Die beiden hatten die Lage gut gecheckt. Hier, im hinteren Teil des Parkhauses, war momentan kein anderer zu sehen. Die meisten suchten hektisch einen Parkplatz in der Nähe der Geschäfte und kurvten lieber 15 Minuten um den Eingang herum anstatt hier parkend mal 3 Minuten zu laufen.
„Hey, Alter, rück mal schön raus.“ Das war der Totenschädel. „Ja, aber dalli.“ Der andere. Ich versuchte zunächst einmal Zeit zu gewinnen. „Was soll ich denn rausrücken?“ Währenddessen legte ich die Pakete vorsichtig auf das Wagendach. Der Totenschädel-Mann lachte: „Hey Opa, den Trick kenne ich. Geschenke, Geldbörse, Autoschlüssel. Ich zähle bis drei…„ „Sei kein ungezogener Lausebengel. Du willst doch nicht den Weihnachtsmann berauben, und das noch an Heiligabend.“
Jetzt grinsten beide. Die Sache schien ihnen Spaß zu machen. Widerstand gefiel ihnen, denn bei Widerstand gab es meistens Fressen zu polieren. Dennoch hatte ich noch Schonfrist – vielleicht aufgrund meines Alters: „Der Weihnachtsmann? He, du passt einfach nicht in diese Zeit, Opa! Der Weihnachtsmann ist out. Für unsere Geschenke und die Bescherung sorgen wir selbst.“
„Geschenke? Die bekommt ihr gewiss nicht. Ihr verdient nur die Rute. Könnt ihr überhaupt ein Gedicht aufsagen?“
„Na Alter, dann wollen wir mal.“ Der Totenschädel trat noch einen Schritt auf mich zu. „Eins.“ Er nahm seinen Schlagring fest in die Faust. „Zwei.“ Er holte aus. „Dr…“ Weiter kam er nicht. Die Rute traf ihn mit der Stockseite direkt auf den Solar Plexus. Während sein Kopf beinahe mechanisch nach unten ging – vielleicht um zu sehen, was passiert war – landete die Rute auf seiner Nase. Krachend gab das Nasenbein nach. Mit einem gezielten Tritt in die Weichteile beförderte ich ihn zur Seite. Wimmernd saß er auf dem Boden. Sein kleines Gehirn brauchte einige Momente um herauszufinden, wo der Schmerz am größten war.

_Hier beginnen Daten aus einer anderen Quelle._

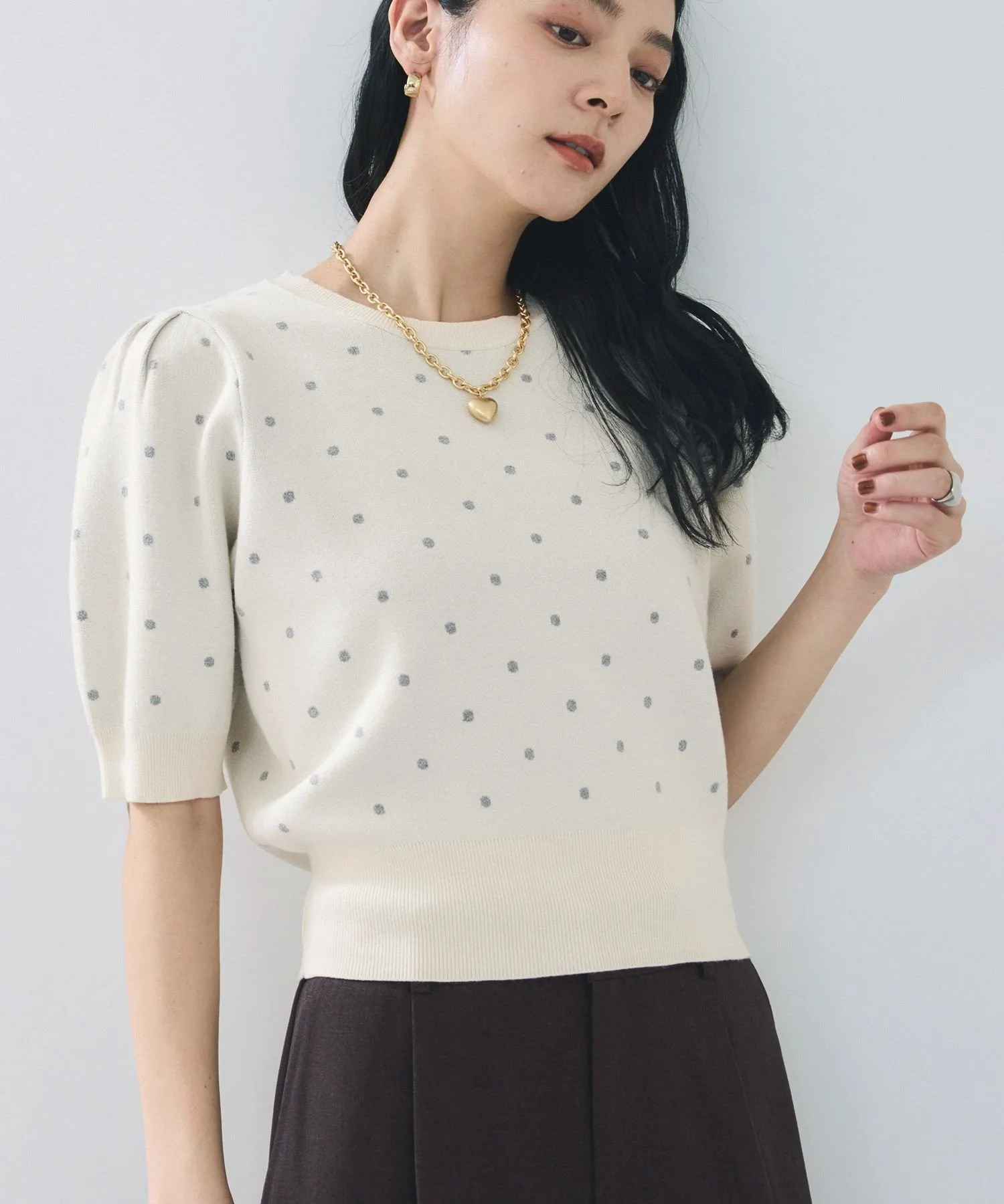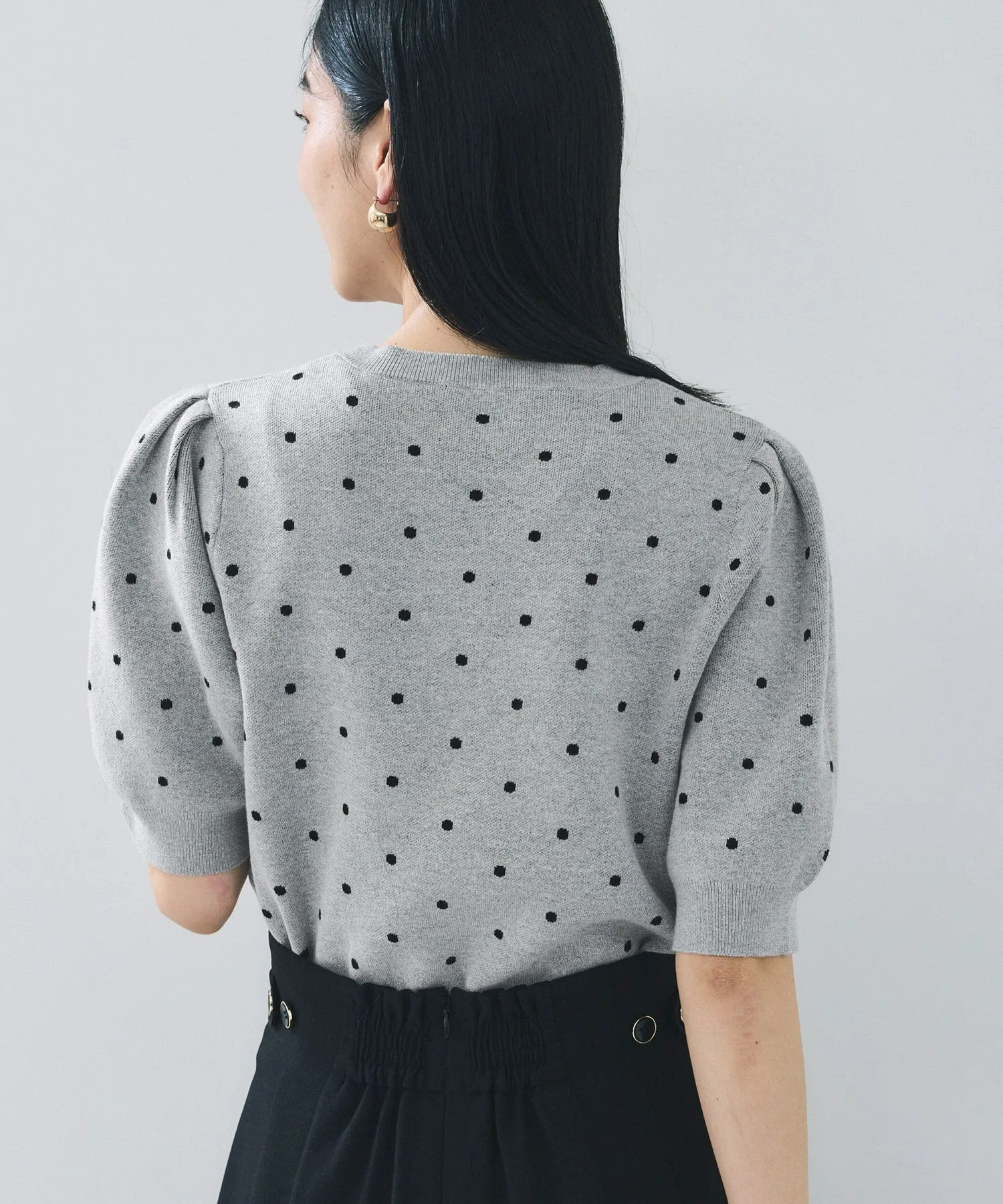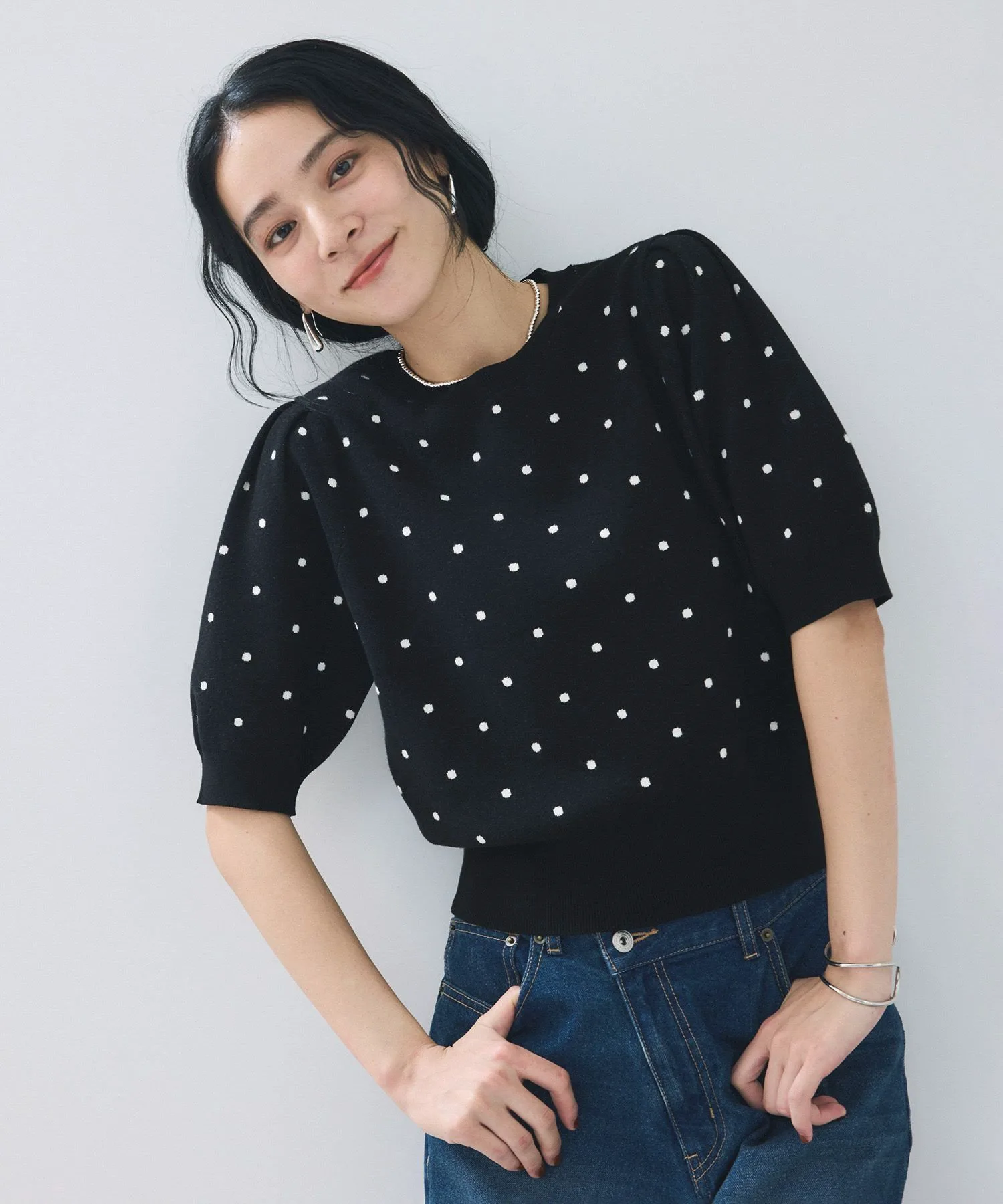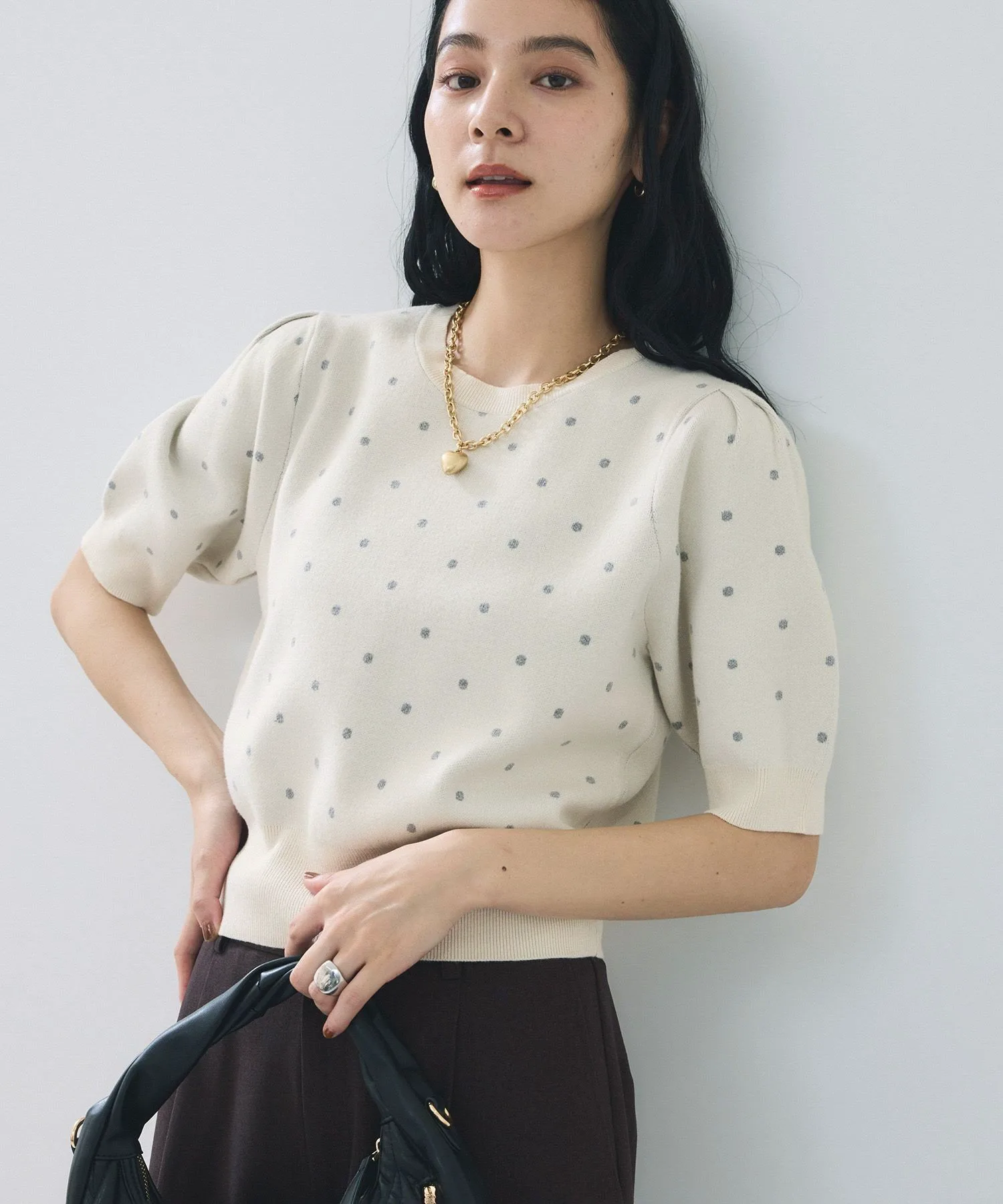 Круглый вырез горловины позволяет легко сочетать его с изящными ожерельями. Узор в горошек универсален и подходит как для формальных, так и для повседневных случаев, что делает эту вещь универсальной.

Dann fing er an zu schreien.
Der andere sah mit Erstaunen, was seinem Kameraden passiert war, und wollte mit dem Messer auf mich los. Ich wirbelte einmal – gestützt auf die Rute – um die eigene Achse und erwischte ihn mit einem Fuß an der Schläfe. Er flog 4 Meter durch die Luft, prallte gegen einen Pfeiler und rutschte förmlich an der Säule herab. Dann wurde er kurzzeitig ohnmächtig.
Ich ließ mir Zeit, verstaute meine Geschenke, säuberte noch mal die Vorderlichter meines Porsches und öffnete dann die Fahrertür. Dann beobachtete ich die beiden. Ich wartete, bis der eine aufgehört hatte zu schreien, und der anderer wieder etwas zu sich gekommen war. Belämmert und benebelt schauten mich die beiden an. Sie waren zu schwach, um sich zu erheben. Aus der Nase des ersten tropfte Blut, der zweite schielte.
„Glaubt ihr wirklich, der Weihnachtsmann ist nicht mehr zeitgemäß?“ fragte ich sie. „Oder er würde nicht mehr mit der Zeit gehen? Lernt mal draus, Jungs, ich muss jetzt zu meinen Rentieren.“
Tja, liebe Leser, ich bin wirklich der Weihnachtsmann. Dank 1500 Jahren Zinserlöse und neuerdings Immobilienfonds kann ich mir sogar einen Porsche leisten. Und weil ich nur einmal im Jahr Arbeit, habe ich auch viel Zeit für Selbstverteidigungskurse..
Eine Frage wird mir aber immer wieder gestellt: Warum ich zum Ausliefern noch meinen Rentierschlitten nehme? Nun ja: Prestige. Nostalgie. Gewohnheit. Und glauben Sie wirklich, man kann mit einem Porsche in einer Nacht eine Milliarde Kinder auf der ganzen Welt besuchen? Bei den heutigen Benzinpreisen?